Pongo como ejemplo el último libro suyo que llegó a mis manos; o quizá sería mejor decir que rescaté casi literalmente de la boca del contenedor de basura, como parte de un despiadado descarte de biblioteca motivado por una mudanza: me refiero a Las españolas, uno de esos libros de sociología impostada que Planeta encargaba a escritores famosos para nutrir su muy reaccionaria colección Espejo de España, en una época en la que el público respondía bien a esos reclamos.

Las españolas es un catálogo de los tipos de mujer que eran visibles en España en los años inmediatamente anteriores a la muerte de Franco y respira ese aire de desconcierto ante la figura de la mujer en trance de emancipación que era la nota distintiva, también, de las canciones sentimentales de la época, las que cantaban Camilo Sesto o Lorenzo Santamaría, por ejemplo. Hay semblanzas, por tanto, de la mujer con estudios, la progre, la feminista, la que viaja y alterna… Y otras muchas dedicadas a la presunta hembra hispana tradicional, rolliza y frígida, absorta en insondables quehaceres domésticos y dotada de una igualmente insondable voluntad de dominio.

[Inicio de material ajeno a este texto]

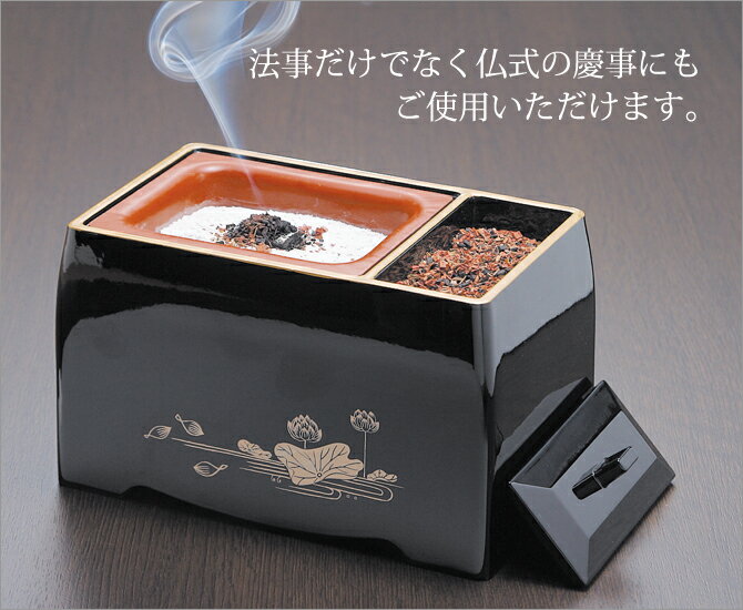 材質: 香炉・焼香盆:フェノール樹脂(ウレタン塗装) 香炉落とし部:スチール 灰ならし:スチール(金メッキ加工) 香炉灰:灰 お香:白檀 サイズ(約): 32×15×10cm 重量(約): 800g 生産国: 日本製(Made in Japan) セット内容: 香炉・焼香盆・香炉灰・灰ならし・香炭・白檀お香 ご注意: 香炉おとし部以外で火を使わないでください。

Naturalmente, no es posible leer esas páginas sin indignarse un tanto. Lo que Umbral dice de las mujeres asesinadas por sus maridos, por ejemplo, sería hoy motivo de denuncia en un juzgado. Pero hay también, en este batiburrillo oportunista, muchas páginas lúcidas, que parecen delinear la herencia sentimental de alguien que debe mucho de su educación en ese campo al influjo de esas hembras tan despiadadamente catalogadas. La que dedica a las madres solteras, por ejemplo, tiene su miga, por motivos que el curioso puede espigar en la despiadada biografía del autor que la profesora Anna Caballé publicó en 2003: en ese libro, publicado en vida del biografiado, alcanzó dimensión pública lo que hasta entonces había sido uno de los secretos mejor guardados del escritor: su condición de hijo de madre soltera.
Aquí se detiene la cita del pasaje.